REQUIRED ACTION:
With images excluded, write out each entry below exactly as given.

Saved entries:
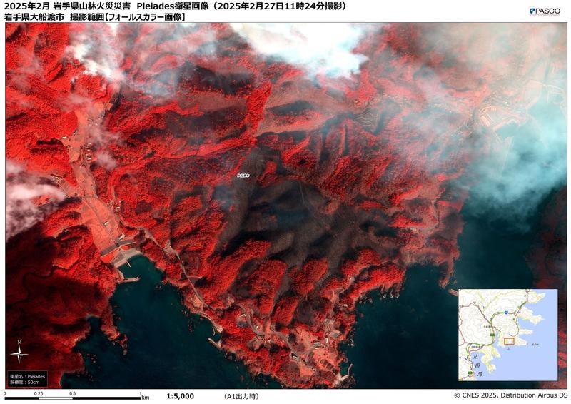 日本でも2025年2月に岩手県大船渡市で大規模な山林火災が発生し、国内最大級の被害となりました。発生当時は15日連続で乾燥注意報が出されていたそうです。火災の影響で植生が減少したことは、人工衛星でも確認することができ、その痕跡が広域にわたって可視化されています。
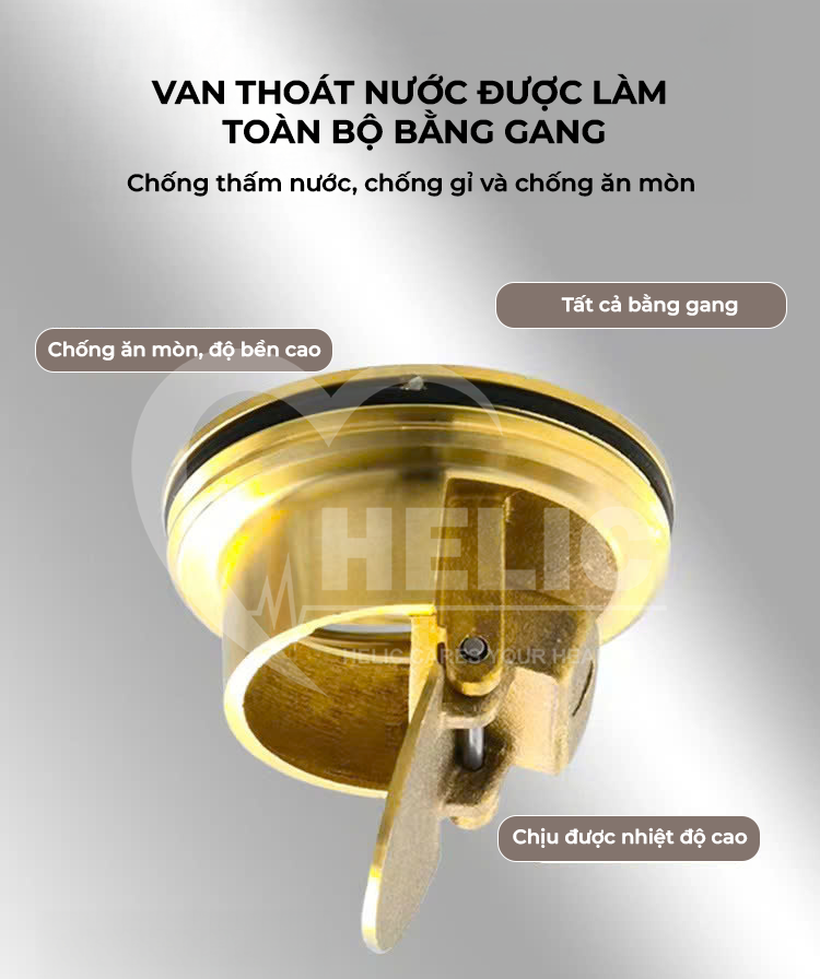 - Van thoát nước chống mùi bằng gang: chống gỉ sét, kháng khuẩn, bền bỉ theo thời gian.
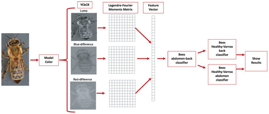 The proposal evaluates the performance of the descriptors in different color models to carry out the subclassification process. In the first stage, the features of the Legendre–Fourier moments are extracted for each channel of the selected color model. Figure 3 shows an example of the color models used and their respective channels. The descriptors are obtained to enter the first classifier to detect the bee’s orientation (dorsal side or ventral side). According to the output received, the second classifier identifies the presence of the Varroa mite. Figure 4 shows the proposed classification process for the YCbCr model.
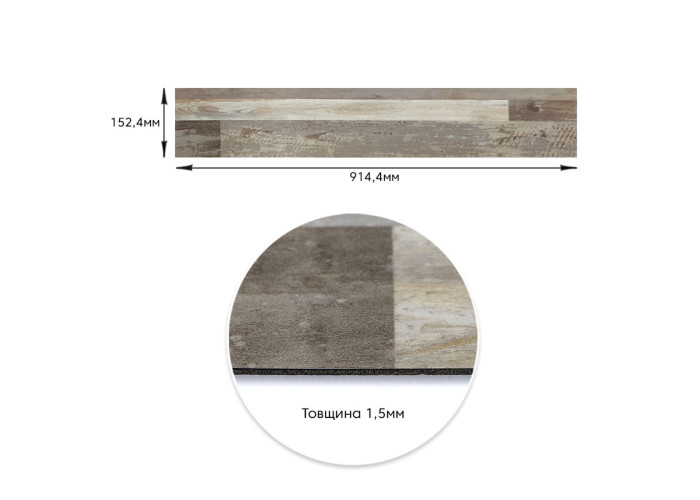 Площа покриття: 152 х 914 мм – 0,138 м², кількість на 1 м² – 8 одиниць
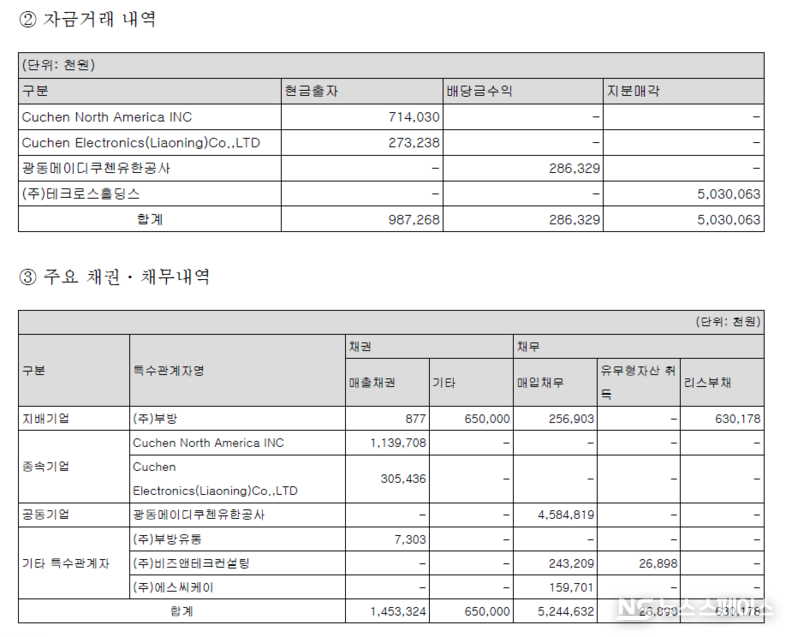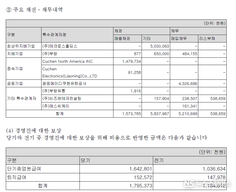 이처럼 주요 부품·제품 소싱의 상당 부분을 특수관계자에 의존하는 구조는, 거래 조건의 독립성 및 가격 적정성에 대한 검증이 어렵다는 점에서 지배구조 리스크로 작용한다. 또한 지배기업인 (주)부방에 대한 기타 채무(기술사용료 등)가 6억 5,000만원에 달하며, 이연법인세자산으로 인식하지 않은 기술사용료 관련 차감할 일시적차이가 6억 5,085만원으로 남아 있다.
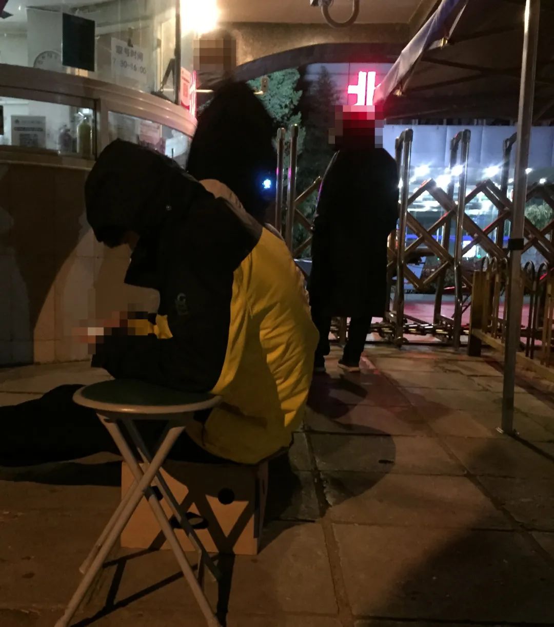 4月初的北京白天还好,凌晨真的是挺冷。我坐在从家里带来的小板凳上,开始打盹,前面的六个人也都静默不语。迷迷糊糊坐在小凳子上也不知道是过了多久,我看了看手表,才过了二十分钟。太难熬了。我开始观察前面的几个人。最头上的两个人把自己用帽子围巾过得严严实实,头碰头在窃窃私语。第三个人在刷手机,第四个人在打游戏,是个小伙子,第五个人是个老爹爹,坐在纸板上,第六个是个中年男子,在刷短视频,声音老大。
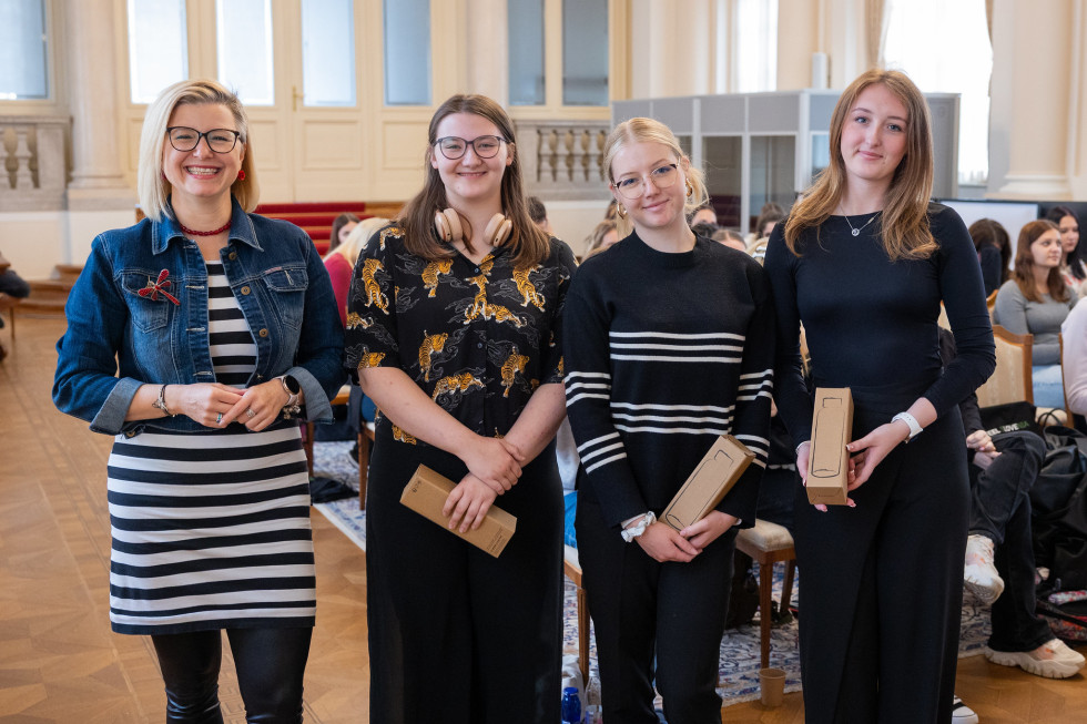 Dijakinje, ki so dosegle najboljše rezultate na kvizu, so prejele simbolične nagrade. | Avtor: Bor Slana/STA

ANSWER TO THE EXERCISE:
 日本でも2025年2月に岩手県大船渡市で大規模な山林火災が発生し、国内最大級の被害となりました。発生当時は15日連続で乾燥注意報が出されていたそうです。火災の影響で植生が減少したことは、人工衛星でも確認することができ、その痕跡が広域にわたって可視化されています。
 - Van thoát nước chống mùi bằng gang: chống gỉ sét, kháng khuẩn, bền bỉ theo thời gian.
 The proposal evaluates the performance of the descriptors in different color models to carry out the subclassification process. In the first stage, the features of the Legendre–Fourier moments are extracted for each channel of the selected color model. Figure 3 shows an example of the color models used and their respective channels. The descriptors are obtained to enter the first classifier to detect the bee’s orientation (dorsal side or ventral side). According to the output received, the second classifier identifies the presence of the Varroa mite. Figure 4 shows the proposed classification process for the YCbCr model.
 Площа покриття: 152 х 914 мм – 0,138 м², кількість на 1 м² – 8 одиниць
 이처럼 주요 부품·제품 소싱의 상당 부분을 특수관계자에 의존하는 구조는, 거래 조건의 독립성 및 가격 적정성에 대한 검증이 어렵다는 점에서 지배구조 리스크로 작용한다. 또한 지배기업인 (주)부방에 대한 기타 채무(기술사용료 등)가 6억 5,000만원에 달하며, 이연법인세자산으로 인식하지 않은 기술사용료 관련 차감할 일시적차이가 6억 5,085만원으로 남아 있다.
 4月初的北京白天还好,凌晨真的是挺冷。我坐在从家里带来的小板凳上,开始打盹,前面的六个人也都静默不语。迷迷糊糊坐在小凳子上也不知道是过了多久,我看了看手表,才过了二十分钟。太难熬了。我开始观察前面的几个人。最头上的两个人把自己用帽子围巾过得严严实实,头碰头在窃窃私语。第三个人在刷手机,第四个人在打游戏,是个小伙子,第五个人是个老爹爹,坐在纸板上,第六个是个中年男子,在刷短视频,声音老大。
 Dijakinje, ki so dosegle najboljše rezultate na kvizu, so prejele simbolične nagrade. | Avtor: Bor Slana/STA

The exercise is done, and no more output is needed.